2.5 Calculation of observed CO enhancements

We define the observed CO enhancement (ΔCO) generated by the NYCMA for each hourly city-scale observation as in Eq. (1):

$$\begin{array}{}\text{(1)}& \mathrm{observed}\mathrm{\Delta }\mathrm{CO}=\mathrm{observed}\mathrm{CO}-\mathrm{background}\mathrm{CO},\end{array}$$

where the observed ΔCO (units: ppbv) is the observed CO dry-mole fraction with the background CO removed. Observed ΔCO is calculated for each of the ASRC and CCNY sites using the observed CO from those sites and both the 5th percentile background for that site and the Cornwall background. To quantify the background uncertainty, we compare the calculated observed ΔCO for hours with valid background CO from both locations.

From the hourly observed ΔCO, we calculate (i) the 10 d mean observed ΔCO centered on each day of the study period to assess sub-monthly CO variability while removing variability on synoptic timescales and (ii) the mean observed ΔCO for each 2 h period throughout the day (a diurnal pattern) over the weekdays (Monday–Friday) and weekends (Saturday–Sunday) of various periods of at least 30 d to assess sub-daily CO variability. In each case, the mean observed ΔCO is only calculated for periods with at least 50 % valid hourly observed ΔCO. For (i), we tested a range of 4–16 d means and found little sensitivity in the results to the length of the averaging period.

2.6 Emission inventory

We use anthropogenic CO emissions from v6.1 of the Emissions Database for Global Atmospheric Research (EDGAR) inventory for air pollutants, which are available monthly for 2018 at a 0.1° × 0.1° spatial resolution (Crippa et al., 2018, 2020).

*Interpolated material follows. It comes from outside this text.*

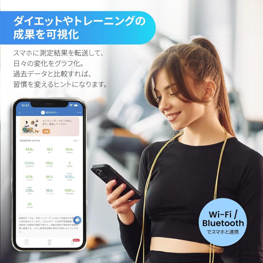 さらに特筆すべきは、専用アプリ「Renpho Health」の質の高さです。単に体重を表示するだけでなく、BMI、体脂肪率、皮下脂肪、内臓脂肪、筋肉量、骨量、体水分率など、13項目以上の健康指標を瞬時に可視化します。これらのデータは週単位、月単位、年単位でグラフ化されるため、「先月より筋肉量が増えた」「年末年始で体脂肪が増えた」といった体の微細な変化を直感的に把握できます。モチベーション維持が難しいダイエットにおいて、この「変化の見える化」は最強の武器となります。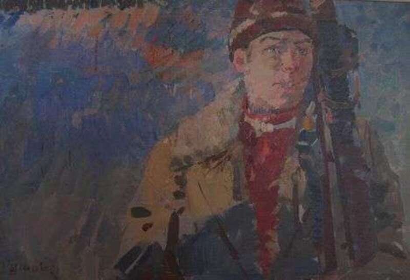T. CHEMNEK (RUSSIAN 20TH CENTURY) YOUNG MAN WITH SKIS

While not ideal for urban-scale studies such as in the NYCMA, EDGAR provides the best option for linking CO and greenhouse gas emissions. EDGAR CO emissions are greatest in the center of the NYCMA (NYC in Fig. S1), where the combustion from the building energy (12 % of the January–May total), road transportation (43 %), manufacturing (16 %), and power generation (11 %) sectors combine to produce substantial CO emissions for the region. Transportation emissions follow along the road network outward to the rest of the domain. Monthly totals for the study domain show peak emissions in February dropping to the lowest emissions in May, with April close to the annual mean (Table S1). These month-to-month CO emission changes are mostly due to the seasonal pattern in building energy usage (i.e., heating). Monthly variability in the EDGAR CO emissions is also spatially explicit, with a larger absolute change month to month in the NYC core region of the domain, where the absolute emissions are also largest (Fig. S4). However, the outer areas of the domain with lower emission totals experience a greater relative change, since a larger portion of the CO emissions there are from building energy.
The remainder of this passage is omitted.